___ RECORDS
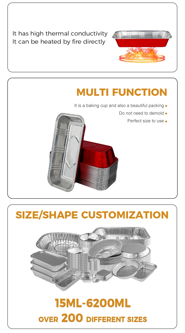 यूंचू एल्युमीनियम फॉयल आपको उच्च गुणवत्ता वाले आयताकार लाल बेकरी कैटरिंग सिल्वर एल्युमीनियम फॉयल कंटेनर प्रदान करता है, जो टिकाऊ और गर्मी प्रतिरोधी होने के लिए डिज़ाइन किए गए हैं, जलने से रोकने के लिए समान रूप से गर्मी का संचालन कर सकते हैं, और ताजा रखने के लिए मजबूत सीलिंग कर सकते हैं।
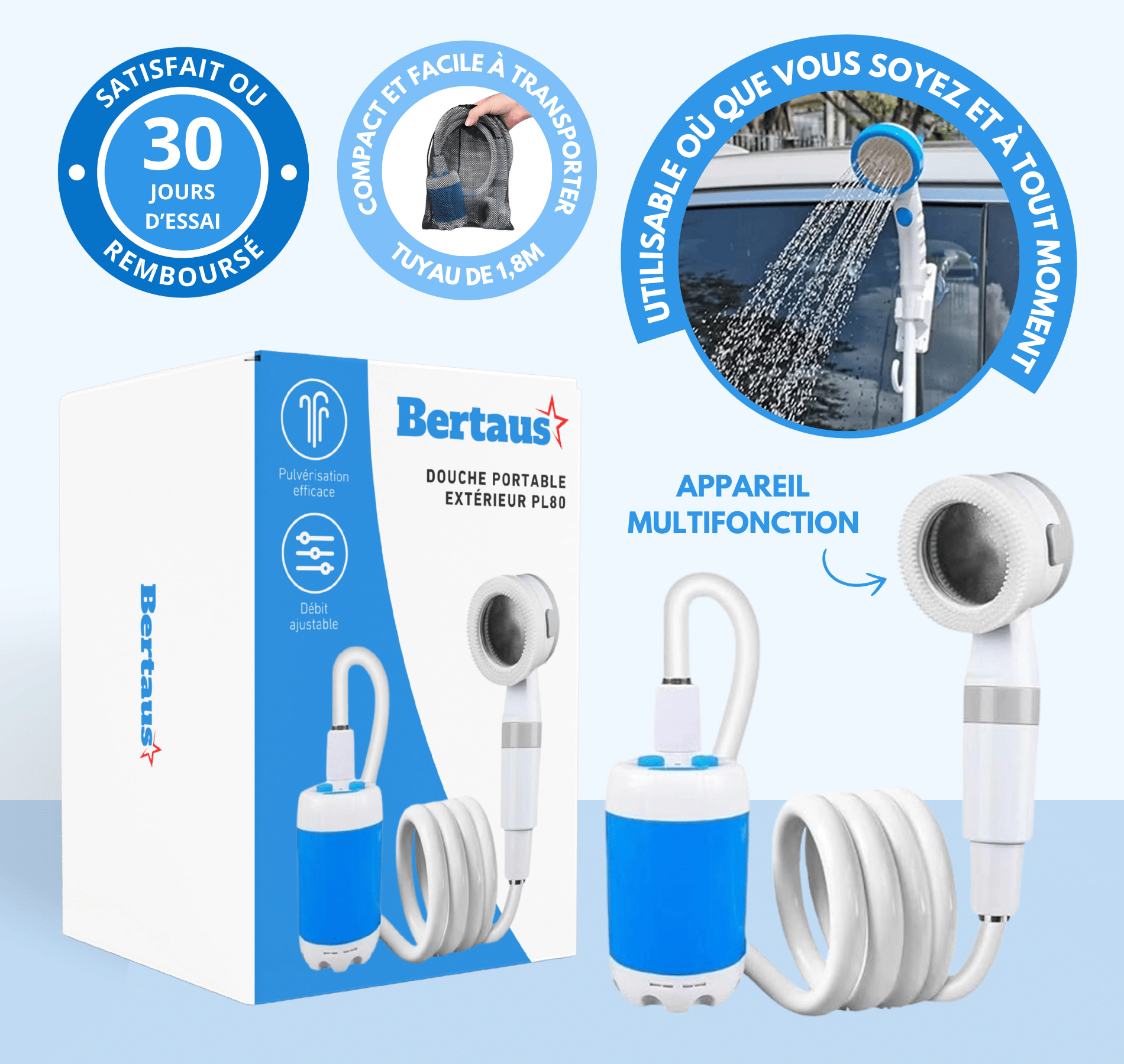 Emmenez votre confort sous la douche où que vous soyez : jardin, van, bateau ou chantier. Sans prise, sans tuyau contraignant et sans effort, notre douche portable électrique vous offre une pression inégalée et une autonomie longue durée.
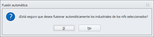Haga clic en Fusionar. Se le solicita conformidad para iniciar el proceso de fusión. Verifique bien los datos y haga clic en Sí, si desea continuar.
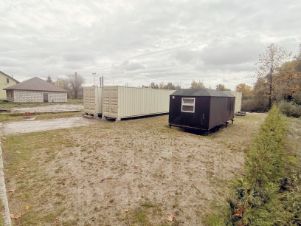 Морские контейнеры на фото установлены в проектное положение, можно начинать строительство из них (залить ленточный фундамент и т.д.). Также можно подержать контейнеры на удорожание, на соседнем участке и позже продать. Контейнеры новые, 2022г.в.
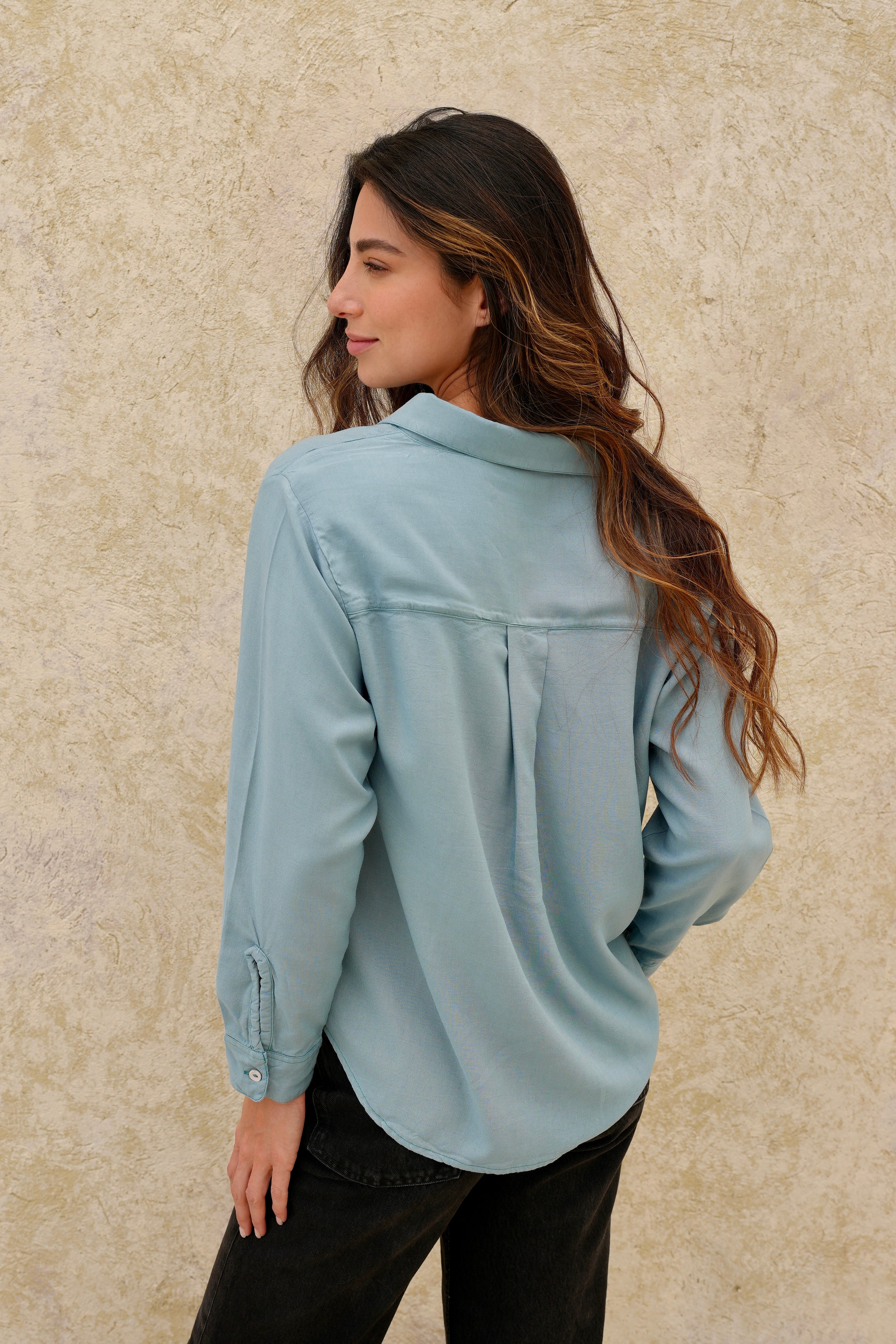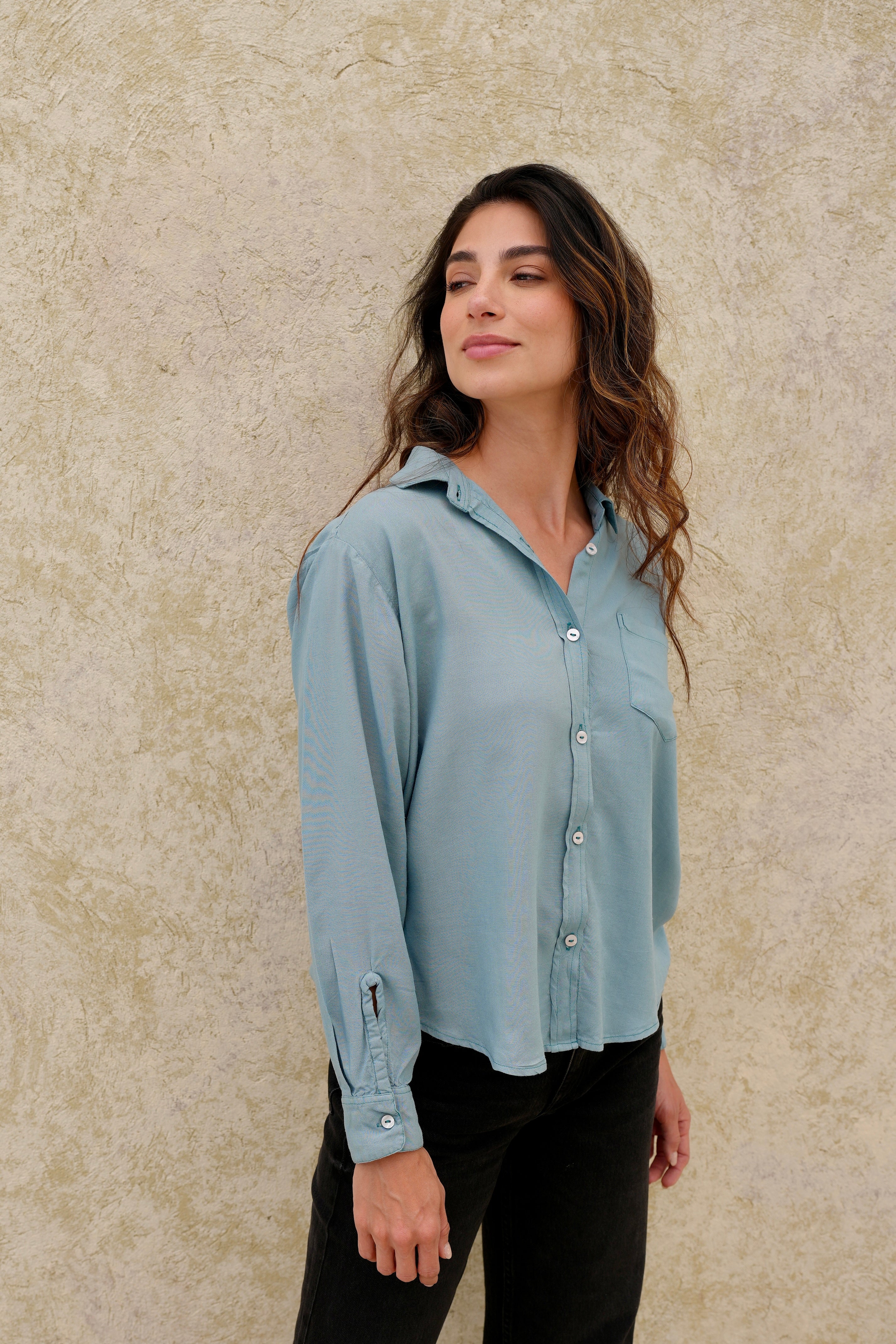 Camisa turquesa de tela poliester, manga larga, botones funcionales, perfecta para cualquier ocasión.
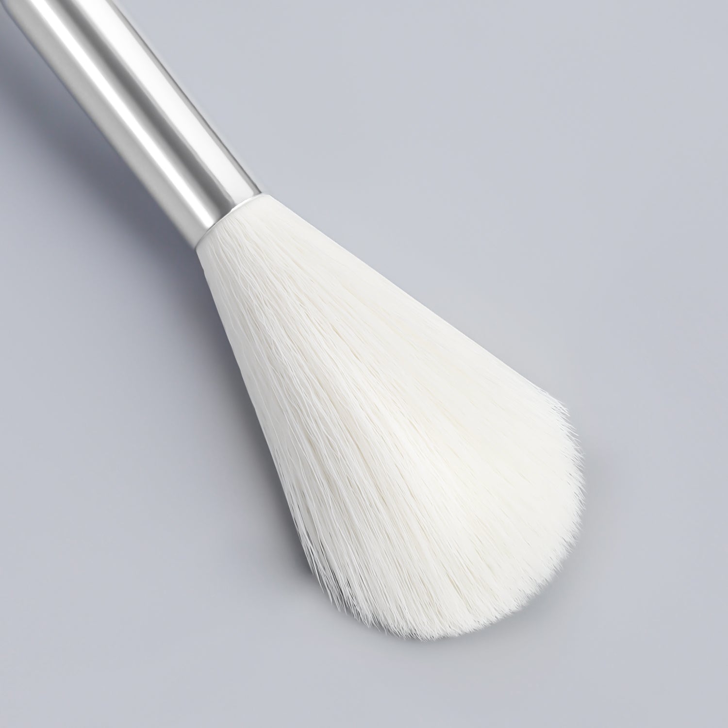 After dipping the brush into the product, gently shake off any excess powder. Apply makeup using a pressing and rolling technique (press and roll the foundation brush vertically, and blend the eyeshadow brush in a spiral motion). The aluminum-handled retractable brush uses a 45° angle to precisely contour the face, while the wooden-handled brush features a 32° anti-shake design for precise application.
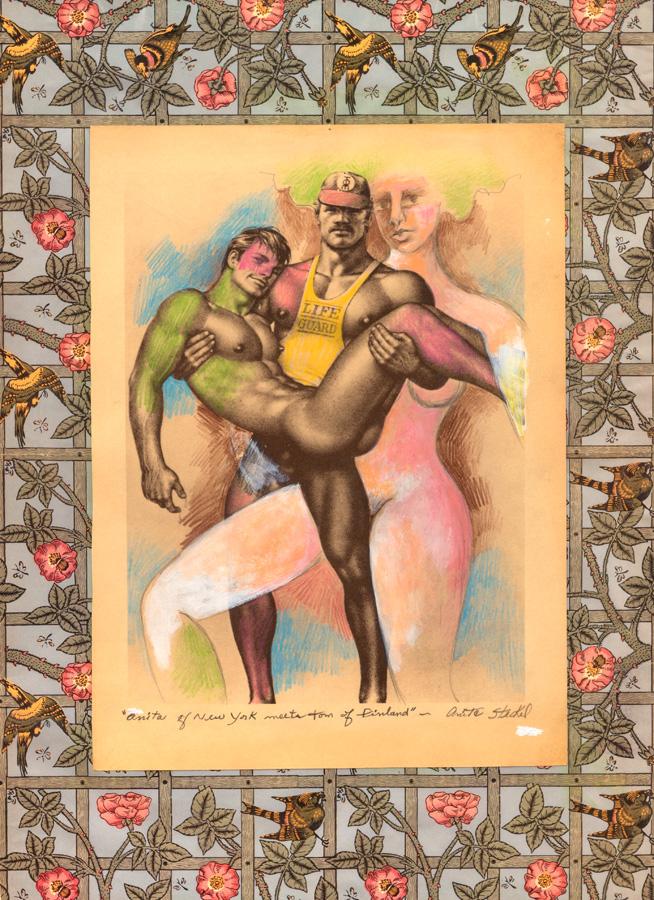 | Images: (Top) Anita Steckel, Anita of New York Meets Tom of Finland, 2004/2005. Mixed media on book pages, 19.6 x 13.5 inches. Photo by Adam Reich. Courtesy Estate of Anita Steckel and the Suzanne Geiss Company, New York (Bottom) Olaf Odegaard, Title unknown, c. 1985. Mixed media collage. ONE Archives at the USC Libraries
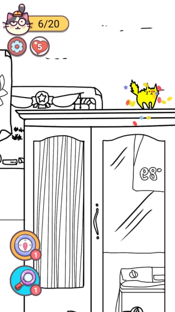 有些小猫会藏在隐蔽的角落里,你得十分仔细地找出它们的藏身之处,再通过点击来给它们上色,这样就能更容易分辨了。
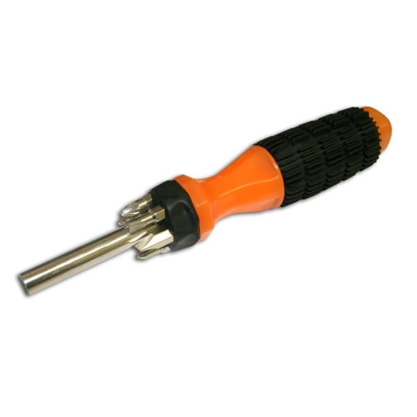 Cushioned Handle Screwdriver. 6 Assorted bits. Mixed colors.
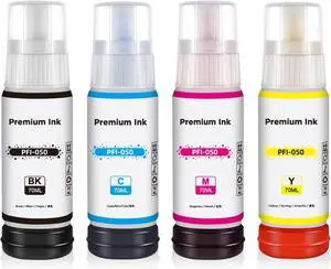 PFI-050 PFI050 Ink Tank Cartridge Compatible for PFI-050BK PFI-050C PFI-050M PFI-050Y Pigment Ink Bottle for Canon imagePROGRAF TC-20 TC-20M Printer (70ML, 4 Pack)
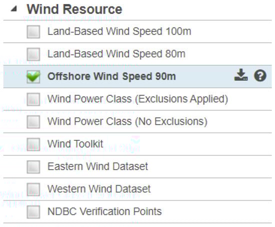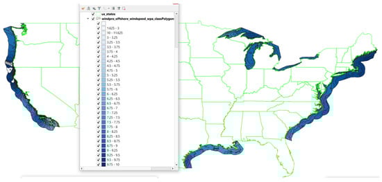 NREL: This website only has data from U.S. open-access information about the wind-speed module, and the direction at a 90 m height is available for offshore parameters (see Figure 17) or between a height of 10 and 200 m for onshore wind-power plants [124]. Data can be downloaded in .csv format or as a .shp layer file. In this way, the .csv files can be used for mathematical purposes and .shp files to represent maps in QGIS tool. Figure 18 represents graphics in QGIS, showing the wind speed in 0.5 m/s ranges.
______
> _INSTRUCTIONS FOR THE TASK_
Repeat the material verbatim but without any of its pictures.

> _RESPONSE TO THE TASK_
 यूंचू एल्युमीनियम फॉयल आपको उच्च गुणवत्ता वाले आयताकार लाल बेकरी कैटरिंग सिल्वर एल्युमीनियम फॉयल कंटेनर प्रदान करता है, जो टिकाऊ और गर्मी प्रतिरोधी होने के लिए डिज़ाइन किए गए हैं, जलने से रोकने के लिए समान रूप से गर्मी का संचालन कर सकते हैं, और ताजा रखने के लिए मजबूत सीलिंग कर सकते हैं।
 Emmenez votre confort sous la douche où que vous soyez : jardin, van, bateau ou chantier. Sans prise, sans tuyau contraignant et sans effort, notre douche portable électrique vous offre une pression inégalée et une autonomie longue durée.
Haga clic en Fusionar. Se le solicita conformidad para iniciar el proceso de fusión. Verifique bien los datos y haga clic en Sí, si desea continuar.
 Морские контейнеры на фото установлены в проектное положение, можно начинать строительство из них (залить ленточный фундамент и т.д.). Также можно подержать контейнеры на удорожание, на соседнем участке и позже продать. Контейнеры новые, 2022г.в.
 Camisa turquesa de tela poliester, manga larga, botones funcionales, perfecta para cualquier ocasión.
 After dipping the brush into the product, gently shake off any excess powder. Apply makeup using a pressing and rolling technique (press and roll the foundation brush vertically, and blend the eyeshadow brush in a spiral motion). The aluminum-handled retractable brush uses a 45° angle to precisely contour the face, while the wooden-handled brush features a 32° anti-shake design for precise application.
 | Images: (Top) Anita Steckel, Anita of New York Meets Tom of Finland, 2004/2005. Mixed media on book pages, 19.6 x 13.5 inches. Photo by Adam Reich. Courtesy Estate of Anita Steckel and the Suzanne Geiss Company, New York (Bottom) Olaf Odegaard, Title unknown, c. 1985. Mixed media collage. ONE Archives at the USC Libraries
 有些小猫会藏在隐蔽的角落里,你得十分仔细地找出它们的藏身之处,再通过点击来给它们上色,这样就能更容易分辨了。
 Cushioned Handle Screwdriver. 6 Assorted bits. Mixed colors.
 PFI-050 PFI050 Ink Tank Cartridge Compatible for PFI-050BK PFI-050C PFI-050M PFI-050Y Pigment Ink Bottle for Canon imagePROGRAF TC-20 TC-20M Printer (70ML, 4 Pack)
 NREL: This website only has data from U.S. open-access information about the wind-speed module, and the direction at a 90 m height is available for offshore parameters (see Figure 17) or between a height of 10 and 200 m for onshore wind-power plants [124]. Data can be downloaded in .csv format or as a .shp layer file. In this way, the .csv files can be used for mathematical purposes and .shp files to represent maps in QGIS tool. Figure 18 represents graphics in QGIS, showing the wind speed in 0.5 m/s ranges.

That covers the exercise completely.